Throughout the second half of 2017, China was at the root of much of the recovered fiber industry’s confusion, disruptions
He notes that China, which has slowed its buying of U.S. secondary paper, “said enough is enough” and has instead started buying presumably cleaner scrap paper from other countries, including Japan.
He and other sources point to single-stream residential collection programs as being behind high contamination rates in American scrap paper.
“China is not shutting off Japan from sending paper because they have source-separated recyclables,” the executive says. “It’s really clean; they keep paper separated from the glass.”
A broker based in the Boston area also recognizes that the quality of recovered fiber shipped from the U.S. in recent years “was not as good as it used to be, and this was caused by the growth of single-stream recycling.”
Yet, he adds, “China has to remember they are purchasing a secondary fiber and not pulp.”
Besides contamination concerns, sources say freight rates have gone through the roof.
A Midwest-based trader says the hike in freight rates is a result of new regulations for electronic monitoring that truck drivers are expected to use to track hours of service. The high costs associated with the regulations and lack of available trucks are threats to moving recovered fiber, he says.
“Mom and pop [trucking companies] don’t want to spend the money and be regulated, so the amount of trucks available has gone way down, and rates are going through the roof,” the trader says.
In addition to these new regulations, the OCC recycler on the East Coast says the transportation issue stems from the ongoing shortage in truck drivers as well as the demand for trucks after the hurricanes struck in the South. “That caused a big bubble in the marketplace and a big shortage of trucks, and the country hasn’t recovered from that,” he says of the aftermath of the hurricanes.

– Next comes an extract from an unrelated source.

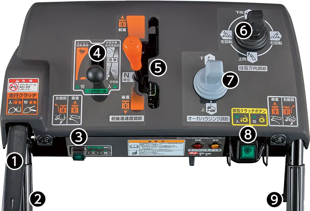⑥投雪方向調節スイッチ ⑦オーガハウジング調節スイッチ ⑧除雪クラッチボタン ⑨右旋回レバー

Freight rates have doubled and tripled in some cases in January, the executive on the East Coast says. “If you’re shipping freight, a year ago it may have been $400 for a trailer load of recycled paper. Now, it’s $700, $800, $900 for that same distance, that same lane, and it’s causing havoc in the industry and raising everyone’s cost.”
With rising costs, the sector saw a drop last year in recovered paper prices. The ISRI (Institute of Scrap Recycling Industries) Index, a weighted average of domestic ferrous scrap, nonferrous scrap and recovered paper prices, ended 2017 up 12 percent compared with the end of 2016, according to ISRI’s Jan. 8, 2018, “Weekly Market Report” email. Gains in ferrous and copper scrap outweighed a 23 percent drop in average recovered paper prices relative to the end of 2016, according to the index.
Domestically, recovered paper prices in January remained mostly flat from the prior month, according to the Jan. 5 PPW Yellow Sheet from RISI, Boston. Sorted residential paper and news (SRPN) saw a $10 drop on the West Coast.
Mixed paper sold for an average of $29.45 per ton in January, the same as in December 2017. The Midwest-based trader says, “Mixed paper is so cheap right now, and nobody can get rid of it.”
Countries, including India, Indonesia, Malaysia, Korea and Vietnam, have bought more U.S. mixed paper. Still, they do not have anywhere near the capacity of China. “All of those countries combined do not come close to what China was doing,” says the corrugated executive.